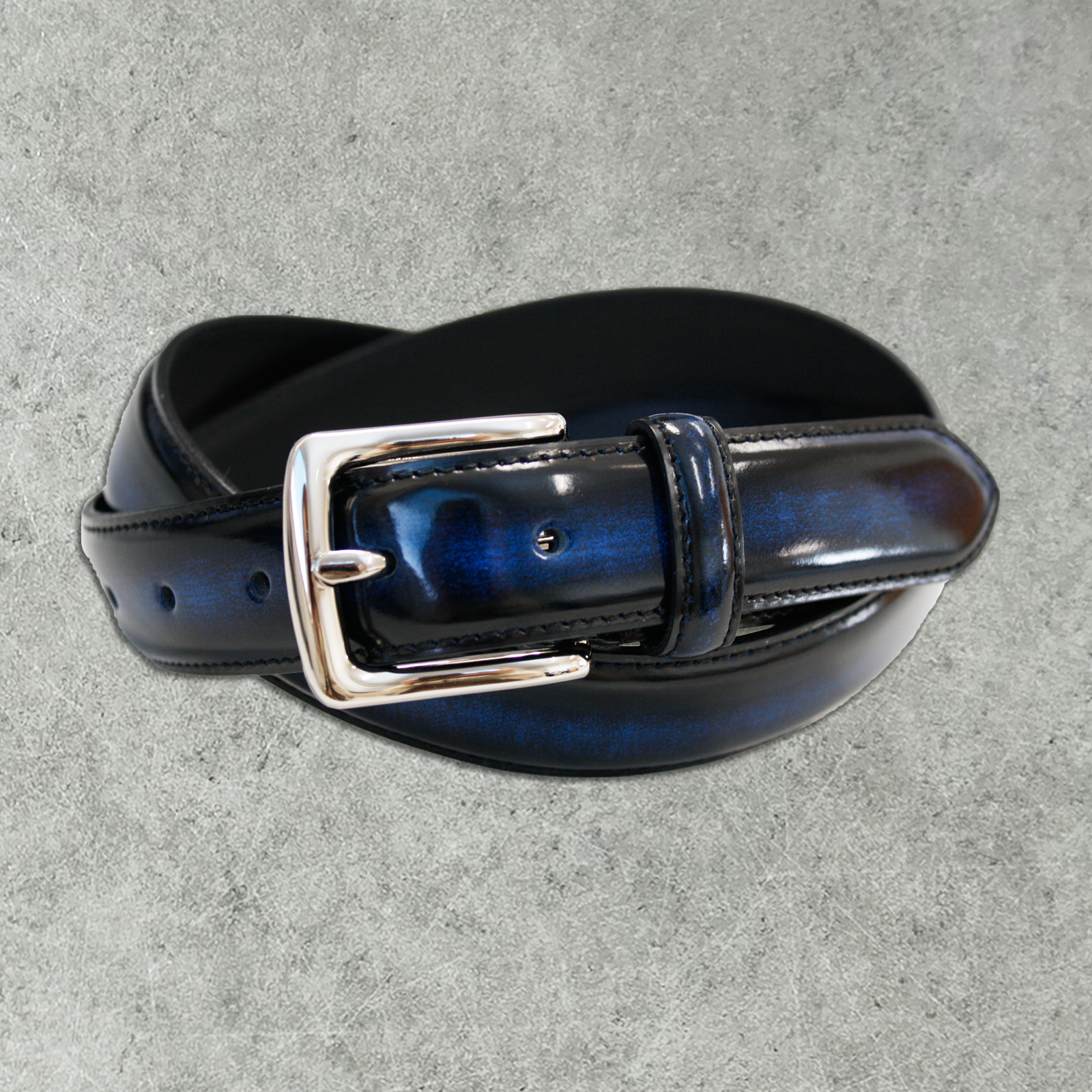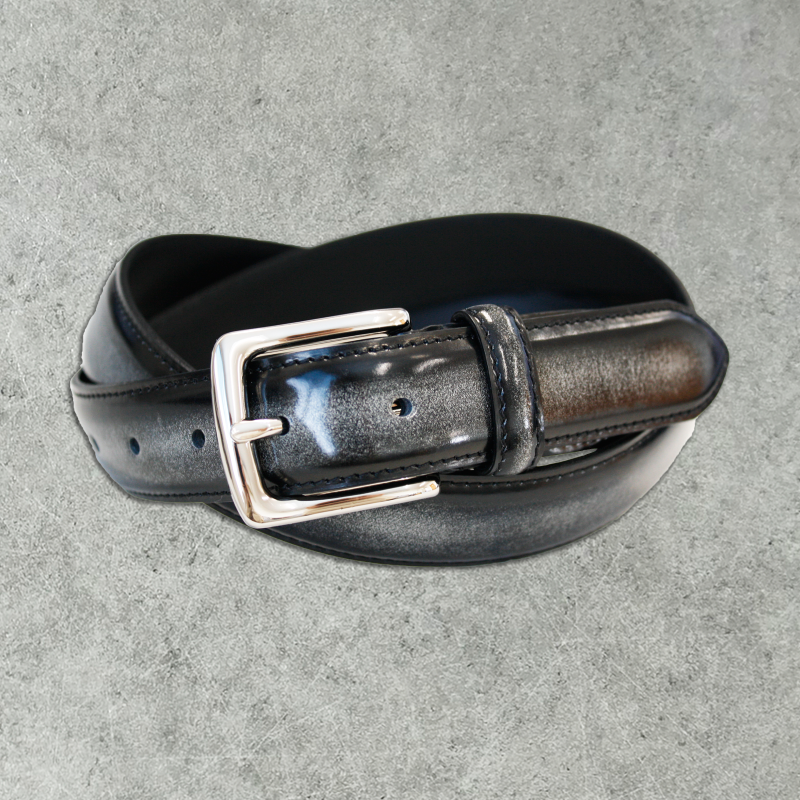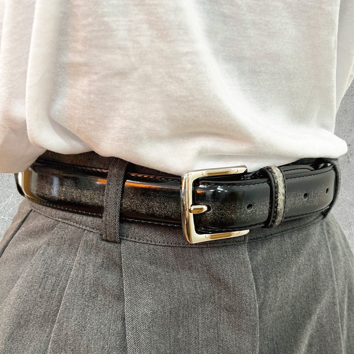 ドレススタイルにはもちろんシンプルな装いのアクセントとしても活躍する大人の遊び心をくすぐるベルトです。しっかりとした厚みと張りを持ちながらも使い込むほどにしなやかさが増し、艶の深みも増していきます。バックルはシンプルで主張を抑えたデザインに、レザーの存在感を引き立てています。
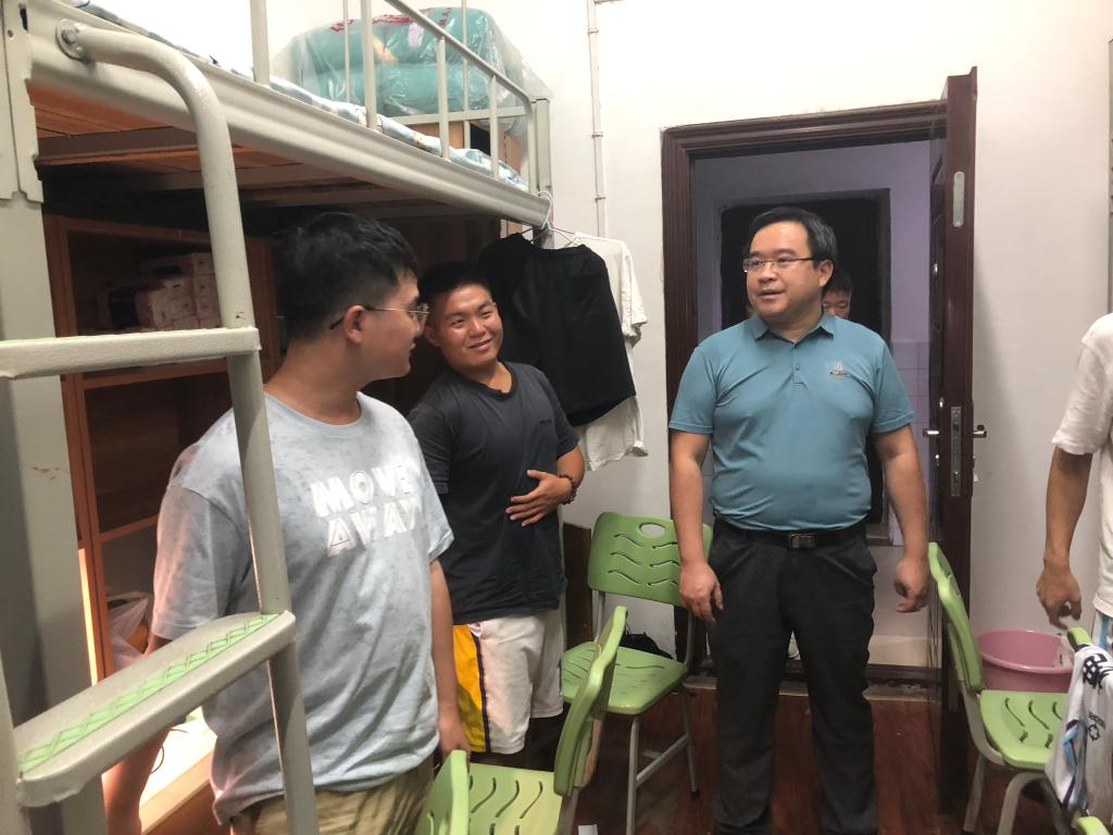 新学期开学伊始,为全面了解学生生活、学习情况,推动师生共处、因材施教的“一站式”学生社区建设,深化“三全育人”建设,9月5日晚,必威betway官网入口学生工作处处长徐粤宇,BETWAY官方网站党委副书记、院长张何,党委书记黎娅,党委副书记陶连洲,带领学院全体辅导员老师来到学生宿舍进行实地检查。
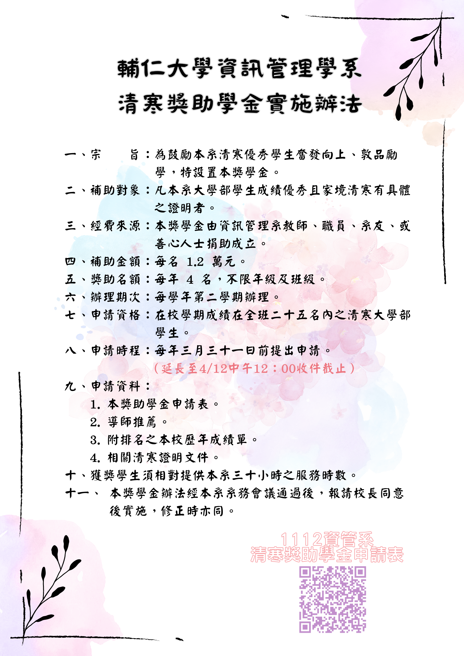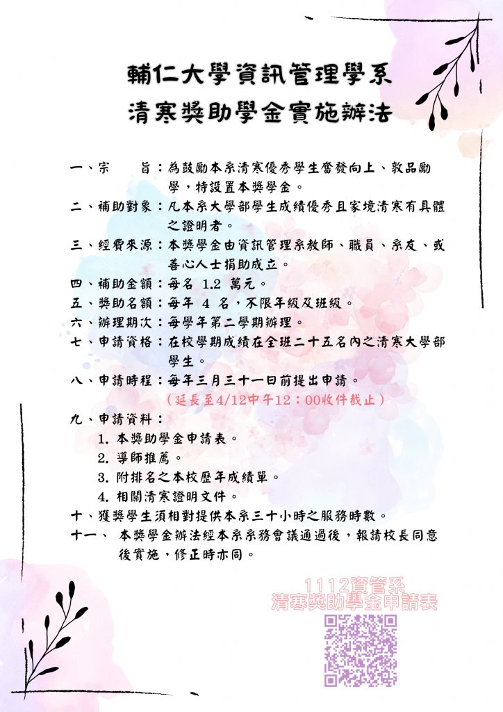 111學年度輔仁大學資訊管理學系-清寒獎助學金實施辦法-768x1086.png
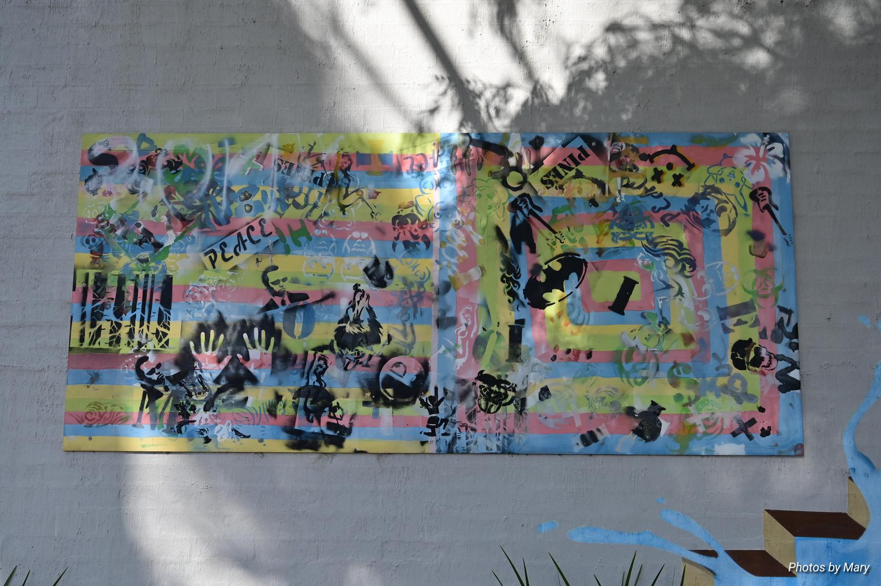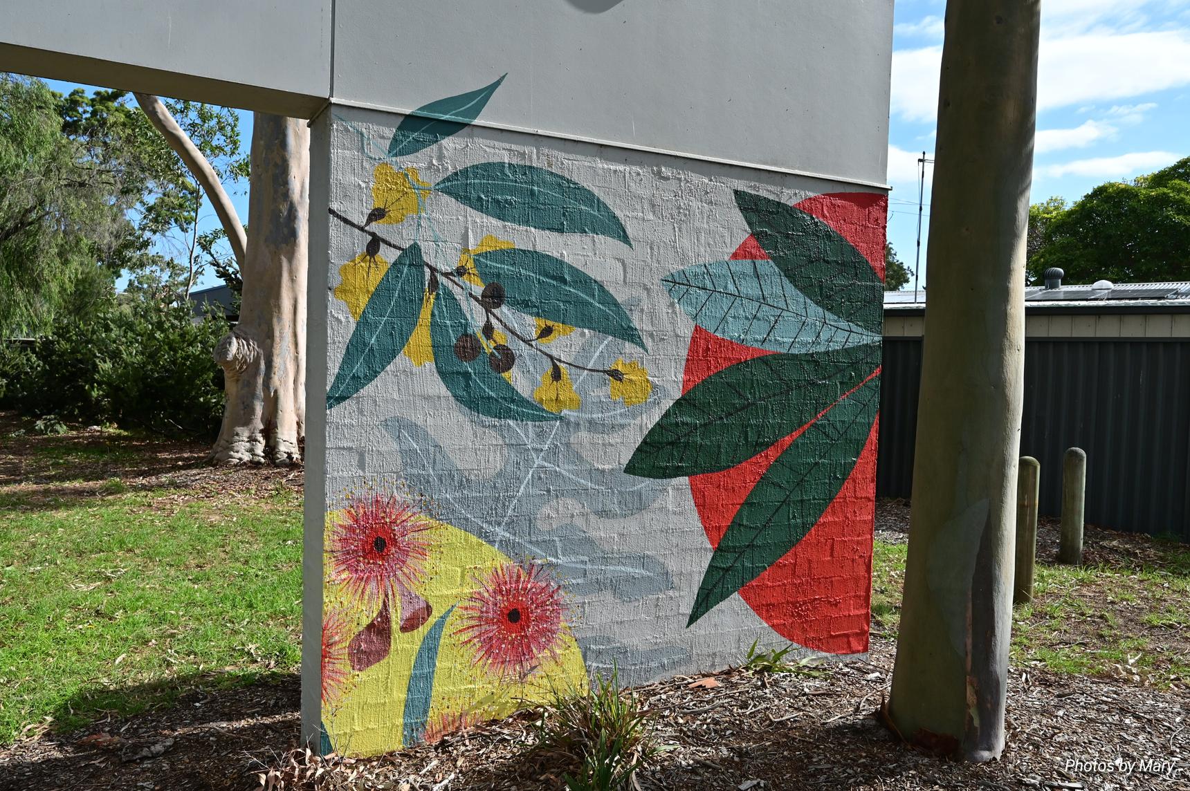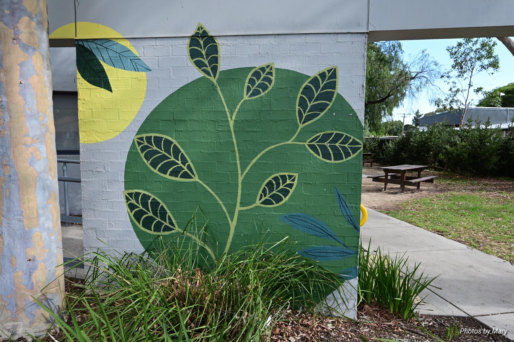 Various murals placed around the building featuring plants and abstract art
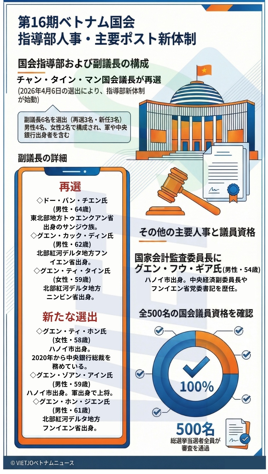 ◇グエン・カック・ディン氏(男性・62歳)※:北部紅河デルタ地方フンイエン省出身。前任期から国会副議長を続投。政府官房副長官、国会法律委員長、旧カインホア省共産党委員会書記などを歴任した。
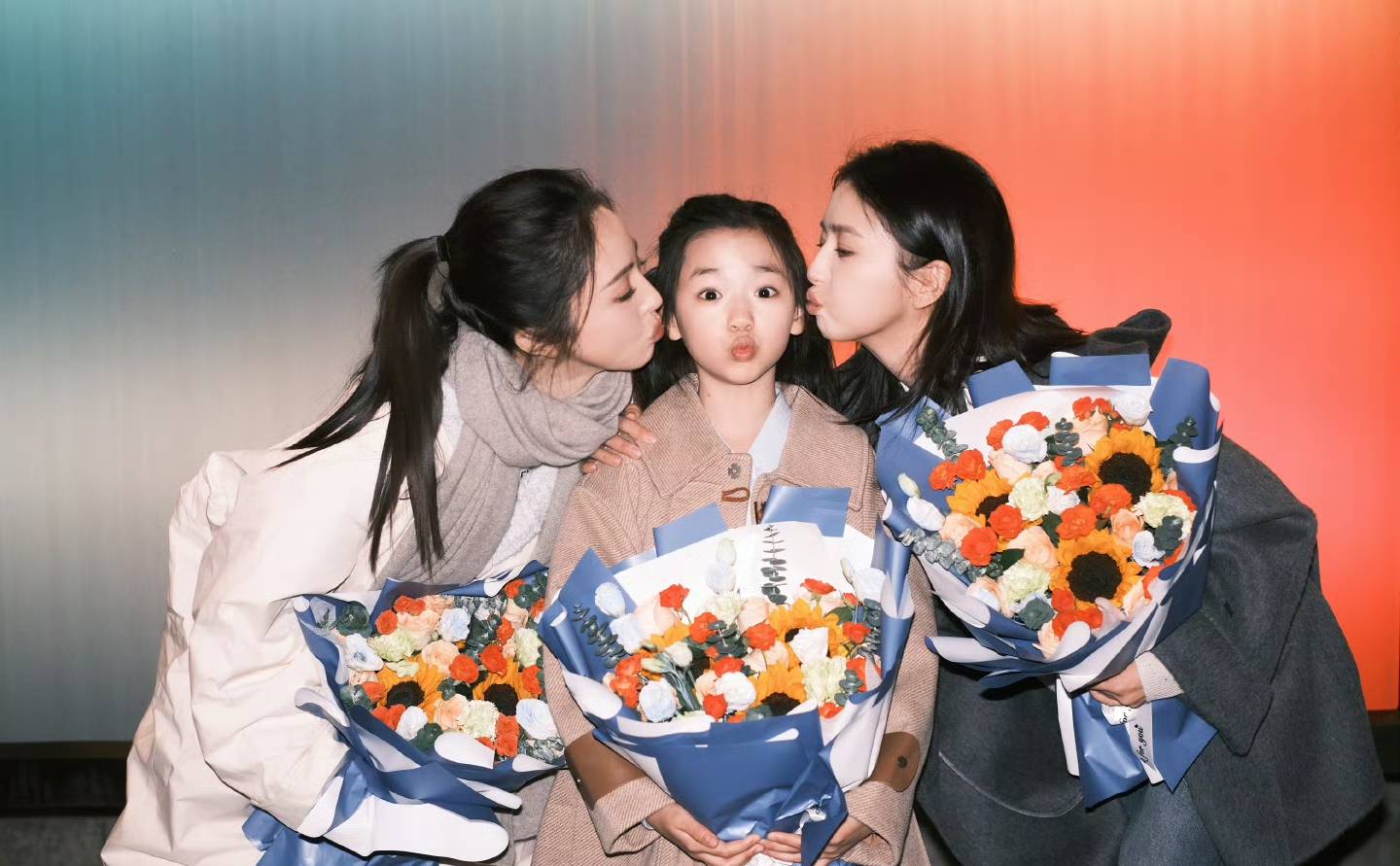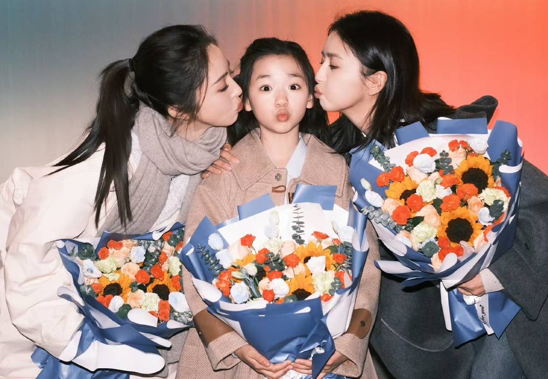 董璇、小酒窝、佟丽娅同框,真的很像两位大姐姐带着一位妹妹,没啥违和感。董璇与佟丽娅都亲向小酒窝的脸颊,看起来很有爱、很温馨。

========================

We ask that the entries above be copied exactly, with the pictures omitted.

■ **Your response**:
 ドレススタイルにはもちろんシンプルな装いのアクセントとしても活躍する大人の遊び心をくすぐるベルトです。しっかりとした厚みと張りを持ちながらも使い込むほどにしなやかさが増し、艶の深みも増していきます。バックルはシンプルで主張を抑えたデザインに、レザーの存在感を引き立てています。
 新学期开学伊始,为全面了解学生生活、学习情况,推动师生共处、因材施教的“一站式”学生社区建设,深化“三全育人”建设,9月5日晚,必威betway官网入口学生工作处处长徐粤宇,BETWAY官方网站党委副书记、院长张何,党委书记黎娅,党委副书记陶连洲,带领学院全体辅导员老师来到学生宿舍进行实地检查。
 111學年度輔仁大學資訊管理學系-清寒獎助學金實施辦法-768x1086.png
 Various murals placed around the building featuring plants and abstract art
 ◇グエン・カック・ディン氏(男性・62歳)※:北部紅河デルタ地方フンイエン省出身。前任期から国会副議長を続投。政府官房副長官、国会法律委員長、旧カインホア省共産党委員会書記などを歴任した。
 董璇、小酒窝、佟丽娅同框,真的很像两位大姐姐带着一位妹妹,没啥违和感。董璇与佟丽娅都亲向小酒窝的脸颊,看起来很有爱、很温馨。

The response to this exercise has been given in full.